Ini adalah kali pertama saya ke area Istana Negara. Mobil kami merapat, kaca kami buka. Satpam mengarahkan kami untuk maju dan kekiri.
Kiri yang mana? itu yang kami tidak tau. Akhirnya karena tidak paham tentang maksud “kiri”-nya, kami malah bablas dan parkir.
Dari kejauhan, satpam itu berteriak “Bapak itu suruh lapor malah bablas”. Nadanya kurang menyenangkan. Apa boleh tamu di bentak-bentak? Mungkin kami bukan tamu, karena kami bawa undangan. Adanya kan tamu tak diundang. Bukan, tamu bawa undangan.
Proses menyalahkan kami masih berlanjut saat kami mendekat ke Pos Pelaporan. Kata satpamnya, “Sampean itu lho, disuruh lapor malah bablas”.
Saya langsung jabat tangannya dengan kedua tangan saya. Saya sungkem, menundukkan badan. Saya berkata dengan halus dan perlahan, “Maaf ya pak, mohon maafkan saya”.
Satpam itu bingung. Ini bukan idul fitri, tapi ada yang maaf-maafan.
Satpam itu pergi, melanjutkan urusannya.
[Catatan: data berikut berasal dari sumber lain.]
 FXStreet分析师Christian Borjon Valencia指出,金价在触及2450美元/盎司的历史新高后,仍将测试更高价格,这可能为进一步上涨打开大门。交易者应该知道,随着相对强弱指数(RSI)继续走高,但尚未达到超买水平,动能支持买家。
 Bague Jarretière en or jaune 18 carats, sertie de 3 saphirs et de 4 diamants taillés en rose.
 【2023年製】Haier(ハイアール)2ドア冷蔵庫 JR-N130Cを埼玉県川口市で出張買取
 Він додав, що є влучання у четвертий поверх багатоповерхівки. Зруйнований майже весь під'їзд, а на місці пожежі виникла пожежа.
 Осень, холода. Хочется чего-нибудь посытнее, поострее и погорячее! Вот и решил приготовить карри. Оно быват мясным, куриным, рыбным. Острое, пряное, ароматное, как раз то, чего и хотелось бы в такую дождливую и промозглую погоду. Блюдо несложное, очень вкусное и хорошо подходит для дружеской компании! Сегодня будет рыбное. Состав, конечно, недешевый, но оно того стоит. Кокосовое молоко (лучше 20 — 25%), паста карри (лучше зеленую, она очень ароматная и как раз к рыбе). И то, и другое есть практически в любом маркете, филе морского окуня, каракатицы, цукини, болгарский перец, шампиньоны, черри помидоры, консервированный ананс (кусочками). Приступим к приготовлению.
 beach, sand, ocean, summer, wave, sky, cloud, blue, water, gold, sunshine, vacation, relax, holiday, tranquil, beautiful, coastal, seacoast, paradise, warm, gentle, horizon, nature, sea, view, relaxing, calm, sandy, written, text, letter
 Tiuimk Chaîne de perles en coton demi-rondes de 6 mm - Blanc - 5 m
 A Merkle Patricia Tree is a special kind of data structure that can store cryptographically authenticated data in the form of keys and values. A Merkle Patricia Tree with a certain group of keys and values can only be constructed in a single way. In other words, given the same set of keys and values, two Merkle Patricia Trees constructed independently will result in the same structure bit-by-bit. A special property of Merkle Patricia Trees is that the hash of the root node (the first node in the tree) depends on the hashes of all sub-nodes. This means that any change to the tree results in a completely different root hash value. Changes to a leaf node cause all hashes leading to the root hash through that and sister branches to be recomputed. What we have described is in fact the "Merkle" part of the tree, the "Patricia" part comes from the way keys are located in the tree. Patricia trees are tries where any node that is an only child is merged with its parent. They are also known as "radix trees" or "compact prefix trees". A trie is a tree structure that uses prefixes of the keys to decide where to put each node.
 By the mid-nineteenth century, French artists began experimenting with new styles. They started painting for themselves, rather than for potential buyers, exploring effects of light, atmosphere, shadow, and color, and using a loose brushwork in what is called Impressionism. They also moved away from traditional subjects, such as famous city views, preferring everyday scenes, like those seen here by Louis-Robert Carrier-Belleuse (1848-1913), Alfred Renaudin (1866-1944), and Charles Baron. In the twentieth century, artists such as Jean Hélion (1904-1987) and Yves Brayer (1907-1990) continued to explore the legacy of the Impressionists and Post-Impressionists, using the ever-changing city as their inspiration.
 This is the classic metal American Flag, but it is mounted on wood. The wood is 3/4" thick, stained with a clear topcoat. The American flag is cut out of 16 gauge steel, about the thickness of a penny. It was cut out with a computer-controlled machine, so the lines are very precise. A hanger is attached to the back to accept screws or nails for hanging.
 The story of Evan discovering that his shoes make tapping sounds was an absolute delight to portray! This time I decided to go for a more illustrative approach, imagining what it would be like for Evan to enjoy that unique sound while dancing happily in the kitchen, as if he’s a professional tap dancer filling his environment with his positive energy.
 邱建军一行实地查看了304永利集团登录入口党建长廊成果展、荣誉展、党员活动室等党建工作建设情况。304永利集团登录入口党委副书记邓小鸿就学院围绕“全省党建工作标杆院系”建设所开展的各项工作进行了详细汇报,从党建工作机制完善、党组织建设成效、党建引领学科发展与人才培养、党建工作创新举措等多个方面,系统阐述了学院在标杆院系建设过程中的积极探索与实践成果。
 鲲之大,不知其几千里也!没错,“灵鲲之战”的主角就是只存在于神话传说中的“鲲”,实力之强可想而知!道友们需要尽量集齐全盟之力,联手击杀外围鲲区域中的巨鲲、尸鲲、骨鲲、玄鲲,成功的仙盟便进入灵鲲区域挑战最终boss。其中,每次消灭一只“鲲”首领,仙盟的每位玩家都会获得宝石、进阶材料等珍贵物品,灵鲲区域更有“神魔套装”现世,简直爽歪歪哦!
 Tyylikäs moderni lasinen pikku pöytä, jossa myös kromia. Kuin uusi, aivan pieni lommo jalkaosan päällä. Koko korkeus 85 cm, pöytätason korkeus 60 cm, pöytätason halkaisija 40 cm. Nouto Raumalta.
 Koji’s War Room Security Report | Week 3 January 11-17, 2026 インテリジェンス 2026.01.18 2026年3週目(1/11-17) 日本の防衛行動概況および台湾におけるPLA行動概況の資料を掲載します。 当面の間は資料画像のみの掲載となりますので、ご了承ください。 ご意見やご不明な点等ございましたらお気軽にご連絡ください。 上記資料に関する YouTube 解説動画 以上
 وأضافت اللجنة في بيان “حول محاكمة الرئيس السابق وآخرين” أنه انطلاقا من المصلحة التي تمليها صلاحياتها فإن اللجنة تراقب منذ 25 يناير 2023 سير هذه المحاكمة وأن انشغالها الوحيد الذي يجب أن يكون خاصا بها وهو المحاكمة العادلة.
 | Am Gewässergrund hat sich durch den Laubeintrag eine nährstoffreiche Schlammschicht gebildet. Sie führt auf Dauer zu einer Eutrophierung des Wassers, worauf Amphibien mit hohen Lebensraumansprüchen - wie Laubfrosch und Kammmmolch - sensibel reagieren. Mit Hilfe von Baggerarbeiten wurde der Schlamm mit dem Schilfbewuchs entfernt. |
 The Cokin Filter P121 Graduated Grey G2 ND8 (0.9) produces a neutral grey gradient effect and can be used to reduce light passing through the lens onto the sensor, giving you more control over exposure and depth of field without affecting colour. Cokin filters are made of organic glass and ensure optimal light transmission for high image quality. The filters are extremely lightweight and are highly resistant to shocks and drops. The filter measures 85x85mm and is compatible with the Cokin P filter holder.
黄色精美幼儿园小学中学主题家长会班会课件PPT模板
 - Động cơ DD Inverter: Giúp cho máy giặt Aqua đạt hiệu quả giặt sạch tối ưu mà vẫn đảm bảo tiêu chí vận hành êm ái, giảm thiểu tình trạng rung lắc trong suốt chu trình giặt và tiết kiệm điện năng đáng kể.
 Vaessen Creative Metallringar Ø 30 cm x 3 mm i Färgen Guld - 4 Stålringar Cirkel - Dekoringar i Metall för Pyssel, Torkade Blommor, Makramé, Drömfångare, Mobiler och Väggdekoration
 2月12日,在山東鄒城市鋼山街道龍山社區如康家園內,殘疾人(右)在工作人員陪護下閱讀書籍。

Saya melanjutkan urusan saya, memasukan surat ke dropbox karena tidak boleh masuk ke gedung untuk mengantarkan surat. Alhamdulillah, gaperlu antigen hehe.
Amarah itu api. Disiram air ia mati. Maaf adalah air. Sungkem adalah air bah, banjir yang merendam kemarahan. Camkan, untuk diriku sendiri.